• Provided material:
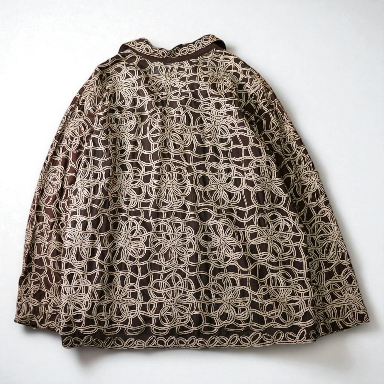 深みのあるブラウンカラーが落ち着いた印象を与えつつ、透け感と刺繍の組み合わせが上品さと抜け感を演出します。
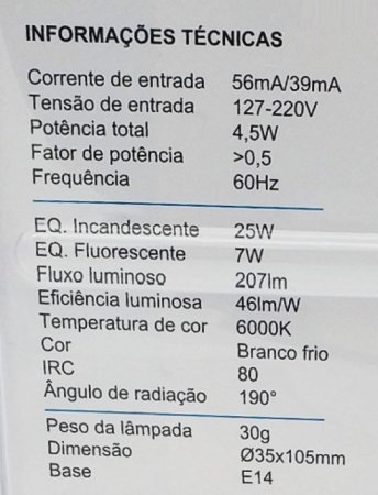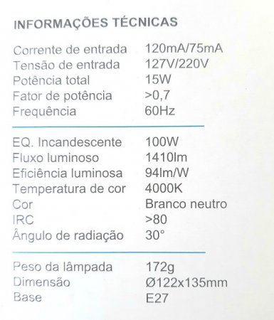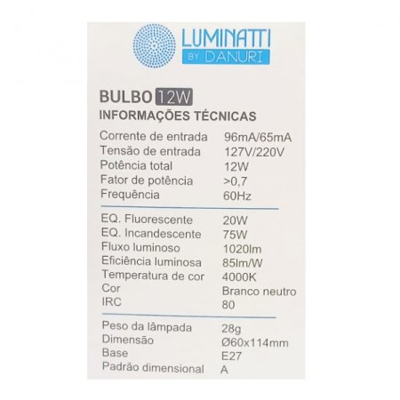 Lâmpada led bulbo 12w 4000k 1020lm-Luminatti
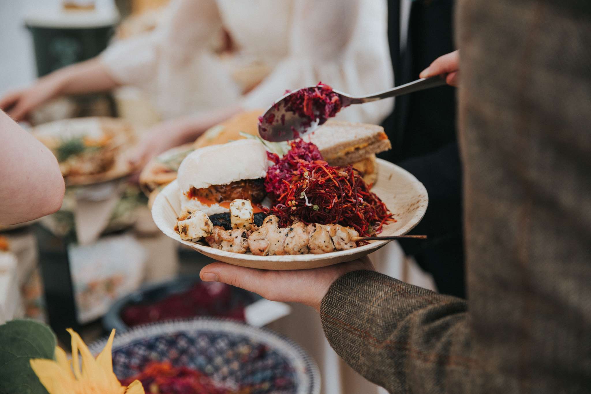 Beth and Zac wanted their wedding to be relaxing and described their wedding theme as ‘fun, festival like, colourful, DIY and eco-friendly. “My main inspiration was the big BBQs and garden parties my parents had when I was growing up – everyone could just relax, help themselves to food and drink and just have a good time!” explained Beth. “I’ve never really like being the centre of attention, or feeling like I’m causing a fuss (table service in a restaurant is awkward enough for me) and Zac has never been one for formalities. So we both knew we wanted something relaxed and easy going.”
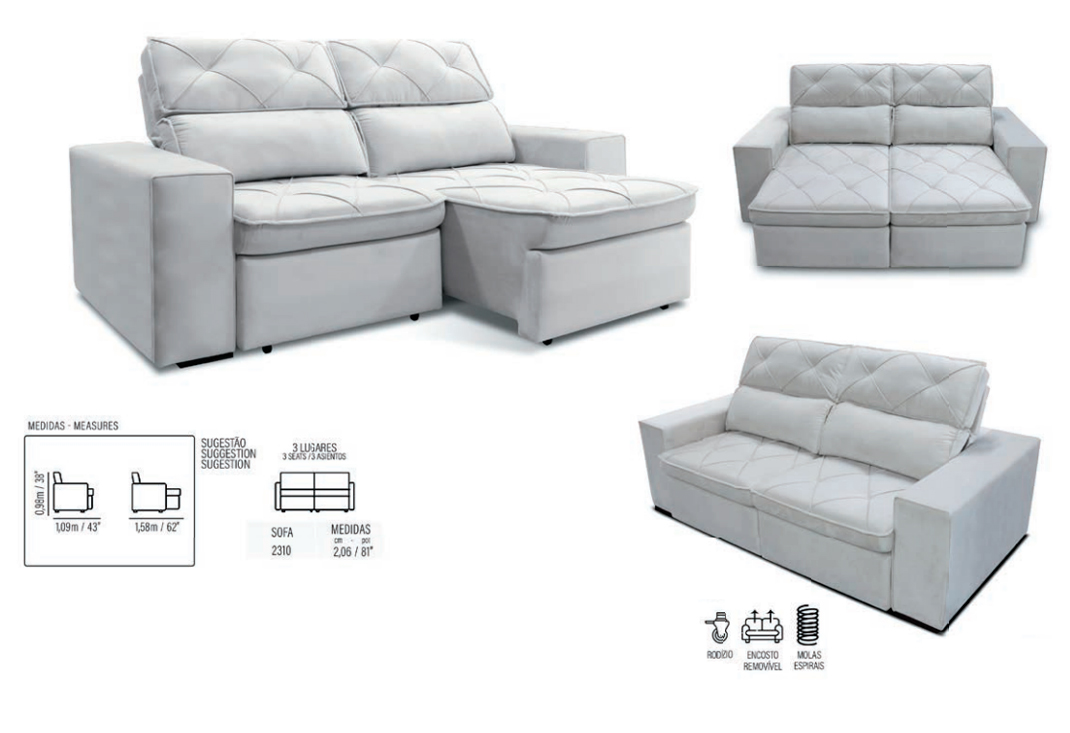 Com estrutura em madeira aparelhada de eucalipto e almofadas fixas com espuma D28 Soft, persintas elásticas e molas espirais.

• Problem to solve: The answer must repeat every line of the listing exactly and leave the pictures out.

• Output:
 深みのあるブラウンカラーが落ち着いた印象を与えつつ、透け感と刺繍の組み合わせが上品さと抜け感を演出します。
 Lâmpada led bulbo 12w 4000k 1020lm-Luminatti
 Beth and Zac wanted their wedding to be relaxing and described their wedding theme as ‘fun, festival like, colourful, DIY and eco-friendly. “My main inspiration was the big BBQs and garden parties my parents had when I was growing up – everyone could just relax, help themselves to food and drink and just have a good time!” explained Beth. “I’ve never really like being the centre of attention, or feeling like I’m causing a fuss (table service in a restaurant is awkward enough for me) and Zac has never been one for formalities. So we both knew we wanted something relaxed and easy going.”
 Com estrutura em madeira aparelhada de eucalipto e almofadas fixas com espuma D28 Soft, persintas elásticas e molas espirais.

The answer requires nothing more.